Given data Block Start
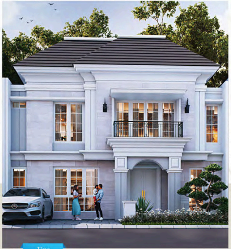
Tipe Premium 12x12

Luas Tanah : 108 m 2 | 🚗 🏠 🚗 Luas Bangunan : 130 m 2 | 4+1 3+1 2
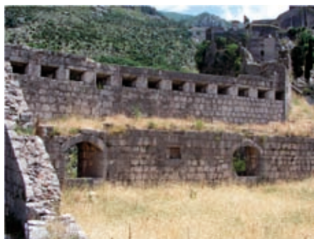
Slika 20. Položaj Sv. Jerolim
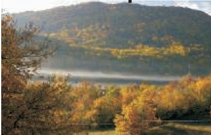
Nella foto grande, zona boschiva ai Piani di Pezza, foto di Enrico Di Gregorio. In alto, la mappa di concentrazione al suolo di biossido di azoto sull'Italia.
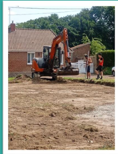
Début des travaux
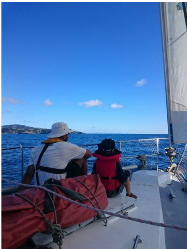
Les garçons admirent le paysage
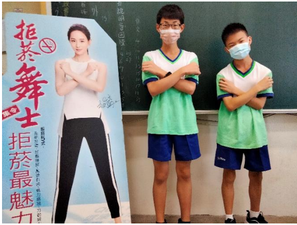
透過多元課程學習生活技能的融入，落實防菸拒檳課程與教學
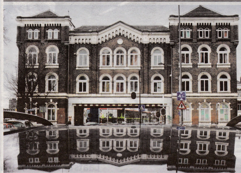
Het Poortgebouw op Zuid; symbool van de Rotterdamse kranerstraditie.
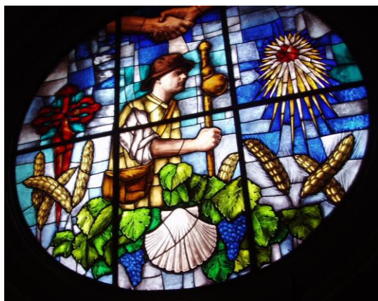
Glas-in-lood-raam en huiskamer Albergue Grañon
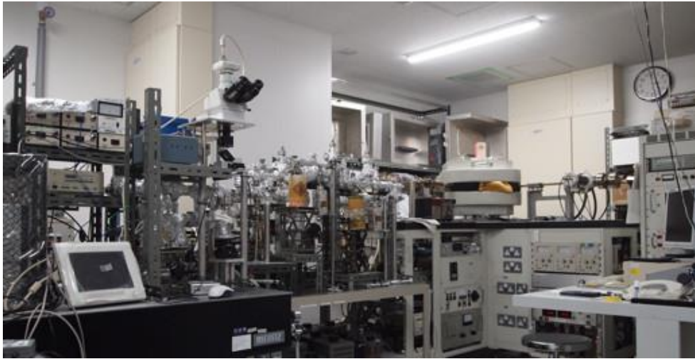
【揮発性成分分析チーム】 コンテナから採取されたガスや固体粒子中のガスに含まれる希ガスを分析する質量分析装置（九州大学）。
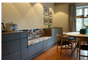
eine zusätzliche Sitzbank am Esstisch
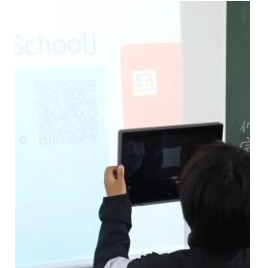
QRコードをPCで読み込み
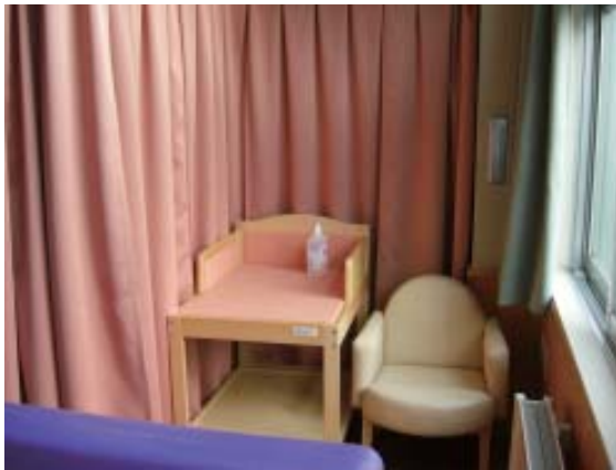
子育て支援センター (ふとみ保育所内)
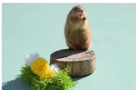
プレーリードッグのお散歩見学 ※写真はすべてイメージです
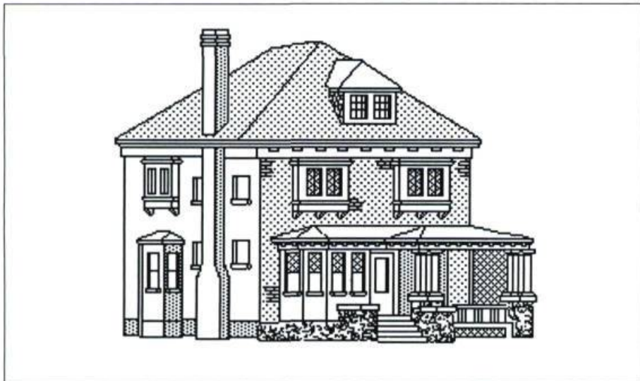
Schéma d'une maison vernaculaire avec toit en croupe: 243, boulevard Queen Nord, Sherbrooke. Infographie: Gaétan Bousquet, 1988.

La maison unifamiliale naît d'une rationalisation des formes en fonction des besoins modernes au tournant du XX e siècle, qui réduit la maison à une simple unité composée d'un rez-de-chaussée où tout est de plain-pied. Même si elle dérive indirectement de l'unifamiliale hindoue, celle du Nord-américain est somme toute un modèle réduit des villas californiennes au début du XX e siècle. Elle s'inscrit ensuite au sein d'un mouvement de construction d'habitations populaires nommé craftman (artisan-bricoleur). Des plans précis, issus pour leur part des premiers pattern books , sont mis en vente par des maisons spécialisées telles Alladin. Cette rationalisation marque un pas vers la normalisation, qui conduit à la fabrication usinée des années 70 ou au concept de modules évolutifs des années 90.
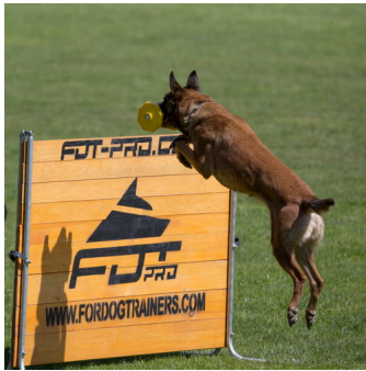
Foto: Barrera de madera y aluminio para competiciones de perros
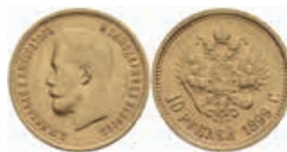
988 10 Rubel, Gold, 1899, Nikolaus II., St. Petersburg, Fb. 179, kl. Rf., ss. 400,—
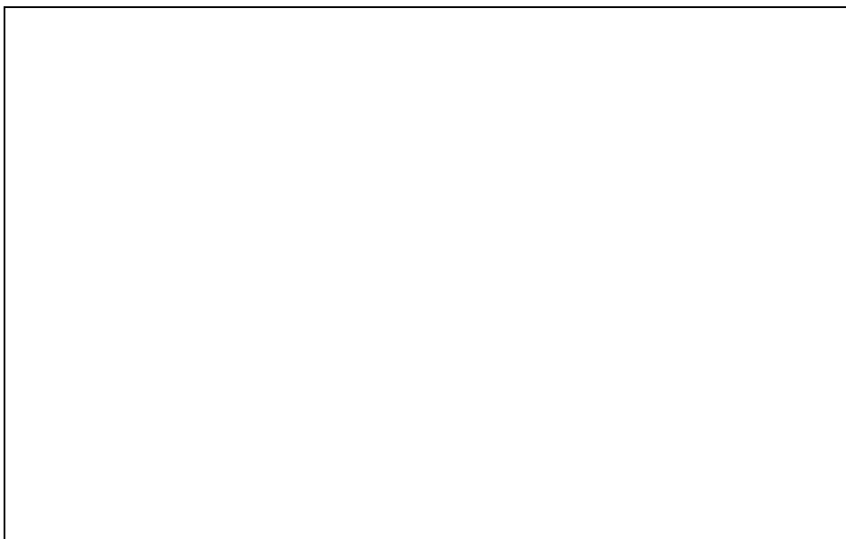
圖 1.荷蘭 Visser 牌 ECOCOMBI 型花卉育苗播種機

Fig 1. The Ecocombi-type sowing machine for ornamental plants made by Visser company of Ntherlands.
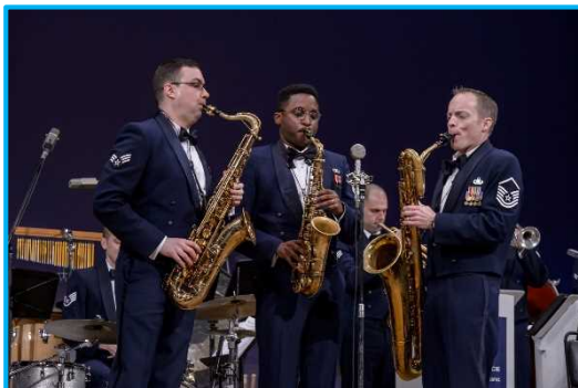
米国空軍太平洋音楽隊①
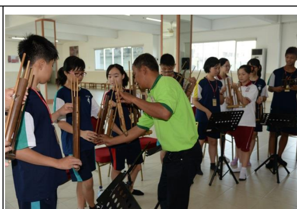
體驗印尼的竹製傳統樂器“昂克隆”
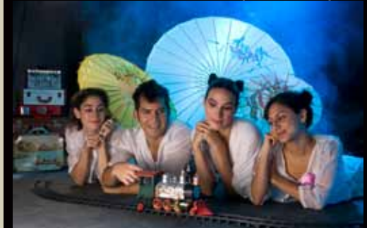
Segundo Festival Nacional de Teatro "Celebración"
Given data Block End
Your task :: What this exercise asks for is every line of the data above with the word "Visser".

Your solution ::
圖 1.荷蘭 Visser 牌 ECOCOMBI 型花卉育苗播種機
Fig 1. The Ecocombi-type sowing machine for ornamental plants made by Visser company of Ntherlands.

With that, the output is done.